I know about the following methods:
java -cp Multivalent.jar tool.pdf.Compress input.pdf (from http://multivalent.sourceforge.net/). This recompresses all streams, removes unused objects, unifies equivalent objects, compresses whitespace, removes default values, compresses the cross-reference table.
Recompressing suitable images with jbig2 and PNGOUT.
Re-encoding Type1 fonts as CFF fonts.
Unifying equivalent images.
Unifying subsets of the same font to a bigger subset.
Remove fillable forms.
When distilling or otherwise converting (e.g. gs -sDEVICE=pdfwrite), make sure it doesn't degrade image quality, and doesn't increase (!) the image sizes.

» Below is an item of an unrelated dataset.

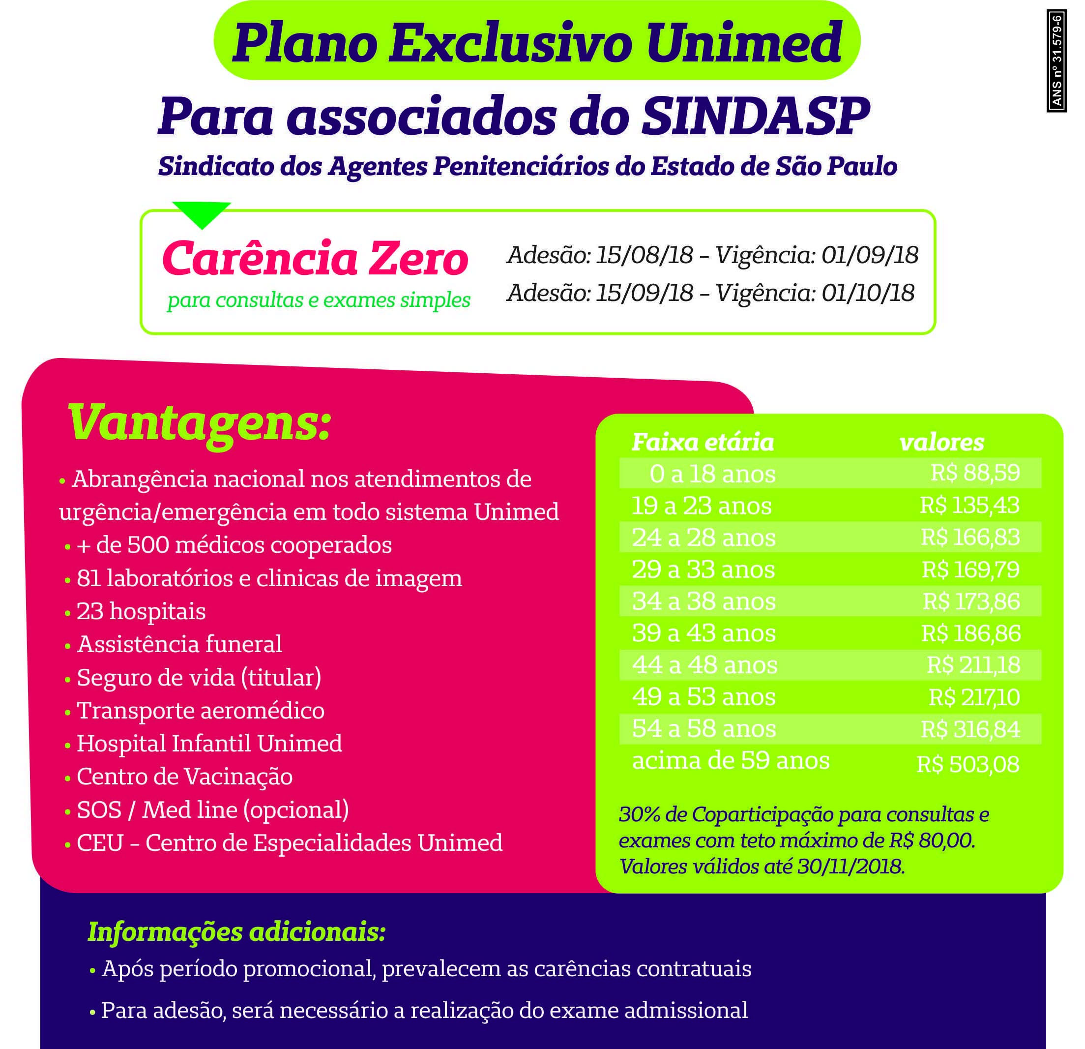 A Unimed oferece aos filiados do sindppesp-SP e seus dependentes as seguintes vantagens e mensalidades, conforme a faixa etária em que cada um se enquadra. Veja tabela abaixo.

I know about the following techniques, but they don't apply in my case, since I already have a PDF:
Use smaller and/or less fonts.
Use vector images instead bitmap images.
Do you have any other ideas how to optimize PDF?
Optimize PDF Files
Avoid Refried Graphics
For graphics that must be inserted as bitmaps, prepare them for maximum compressibility and minimum dimensions. Use the best quality images that you can at the output resolution of the PDF. Inserting compressed JPEGs into PDFs and Distilling them may recompress JPEGs, which can create noticeable artifacts. Use black and white images and text instead of color images to allow the use of the newer JBIG2 standard that excels in monochromatic compression. Be sure to turn off thumbnails when saving PDFs for the Web.
Use Vector Graphics
Use vector-based graphics wherever possible for images that would normally be made into GIFs. Vector images scale perfectly, look marvelous, and their mathematical formulas usually take up less space than bitmapped graphics that describe every pixel (although there are some cases where bitmap graphics are actually smaller than vector graphics). You can also compress vector image data using ZIP compression, which is built into the PDF format. Acrobat Reader version 5 and 6 also support the SVG standard.
Minimize Fonts
How you use fonts, especially in smaller PDFs, can have a significant impact on file size. Minimize the number of fonts you use in your documents to minimize their impact on file size. Each additional fully embedded font can easily take 40K in file size, which is why most authors create "subsetted" fonts that only include the glyphs actually used.
Flatten Fat Forms
Acrobat forms can take up a lot of space in your PDFs. New in Acrobat 8 Pro you can flatten form fields in the Advanced -> PDF Optimizer -> Discard Objects dialog. Flattening forms makes form fields unusable and form data is merged with the page. You can also use PDF Enhancer from Apago to reduce forms by 50% by removing information present in the file but never actually used. You can also combine a refried PDF with the old form pages to create a hybrid PDF in Acrobat (see "Refried PDF" section below).
see article
From PDF specification version 1.5 there are two new methods of compression, object streams and cross reference streams.
You mention that the Multivalent.jar compress tool compresses the cross reference table. This usually means the cross reference table is converted into a stream and then compressed.
The format of this cross reference stream is not fixed. You can change the bit size of the three "columns" of data. It's also possible to pre-process the stream data using a predictor function which will improve the compression level of the data. If you look inside the PDF with a text editor you might be able to find the /Predictor entry in the cross reference stream dictionary to check whether the tool you're using is taking advantage of this feature.
Using a predictor on the compression might be handy for images too.
The second type of compression offered is the use of object streams.
Often in a PDF you have many similar objects. These can now be combined into a single object and then compressed. The documentation for the Multivalent Compress tool mentions that object streams are used but doesn't have many details on the actual choice of which objects to group together. The compression will be better if you group similar objects together into an object stream.